Senate debates
Tuesday, 27 February 2007
Questions without Notice: Take Note of Answers
Renewable Energy
3:27 pm
Christine Milne (Tasmania, Australian Greens) Share this | Link to this | Hansard source
I move:
That the Senate take note of the answer given by the Minister for Finance and Administration (Senator Minchin) to a question without notice asked by Senator Milne today relating to renewable energy.
You will recall that in Al Gore’s film, An Inconvenient Truth, Mr Gore made a statement to the effect that you cannot make a man understand when his job depends on not understanding. I think that is the classic case of what is going on with the Prime Minister and this government when it comes to baseload power and the potential of solar thermal technology to deliver baseload power compared with carbon capture and storage.
There are two issues that I want to raise. Firstly, the Prime Minister has said repeatedly, and he continues to say to this day, that solar thermal cannot provide baseload power. He is wrong and the government today utterly and absolutely refused to say what evidence, what science, what of anything at all they have to underpin those statements. I refer the minister to a report from the Cooperative Research Centre for Coal in Sustainable Development, the conclusion of which states:
It should be noted that a 35 by 35 square kilometre area with storage in a high irradiance, low cloud cover location using solar thermal power generation could produce Australia’s entire power demand currently—
I repeat: ‘could produce Australia’s entire power demand currently’. It goes on to say:
It is predicted by others that the cost of electricity from concentrated solar technology will become equal to coal fired generation when the concentrated solar technology in stored capacity is 5,000 megawatts worldwide, and the target is to achieve this by 2013.
Solar Heat and Power, to which the minister referred, has a small presence here in Australia but has largely gone offshore because Arnold Schwarzenegger has required that utilities in California purchase 20 per cent of their energy as renewable energy, and they are even talking about signing up Solar Heat and Power to produce vast amounts of solar thermal technology. It has been operating in California for 25 years.
So the first point I make is that the Prime Minister is wrong. He has no basis whatsoever for saying that solar thermal cannot produce baseload. And David Mills himself, on Alan Jones’s program, said: ‘Two regions in New South Wales—one near Bourke and one near Moree—have the capability to provide the energy needs of two billion people at a European living standard.’ The Prime Minister was specifically asked about it on that day. And he said that he would be very interested in getting that material. So why is it that the government refuses to read the reports from their own scientists? Why do they refuse to read the reports when the information is sent to them? Why are they happy to see these jobs going offshore in favour of carbon capture and storage? That report, from the CRC, was suppressed. The Prime Minister apparently did not want the community to know that solar thermal power is a viable producer of baseload power.

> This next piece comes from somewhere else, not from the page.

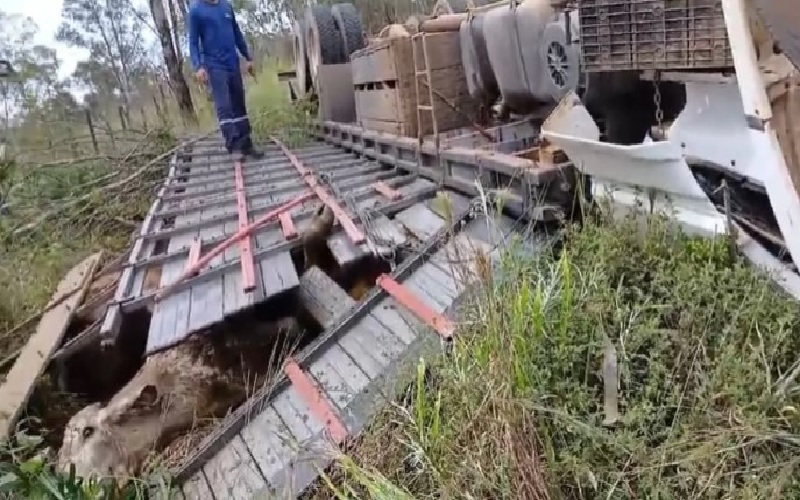 Uma carreta que transportava bois tombou, resultando na morte do motorista, que ficou preso às ferragens, e no espalhamento de animais pela região.

At the same time there is another report from the CRC being suppressed, and this one demonstrates that the government’s much hoped for breakthrough in clean coal technology has been an utter failure. Currently, post carbon combustion capture and storage requires not only sequestration but also getting the carbon dioxide out of the gas stream. And to do that they use traditional solvents at the moment which make it hideously expensive. It will never be economically viable. They have been working on a new solvent process that they thought would bring the price down. This CRC has done a report saying: ‘It is a failure. It does not work. Large amounts of ammonia are escaping. It will never be economically viable.’ They are back to square one.
Yet the Prime Minister continues to tell people that carbon capture and storage is well on the way. And today the minister could not identify a single document, report, map or model that showed any potential in the Hunter Valley for carbon capture and storage, because there are no suitable geological structures in which to store the carbon dioxide. Like the climate sceptics, the Prime Minister just comes out and makes a statement based not on fact or on research. In fact, they go out of their way to suppress the research that contradicts the Prime Minister, so it is not even accidental—it is something that is being done to support an ideological position. And the horror of it all was seen yesterday in Rio Tinto giving evidence in this place, saying governments will need to provide substantial financial support to the energy industry to capture and store greenhouse gases from facilities such as coal-fired power stations. (Time expired)
Question agreed to.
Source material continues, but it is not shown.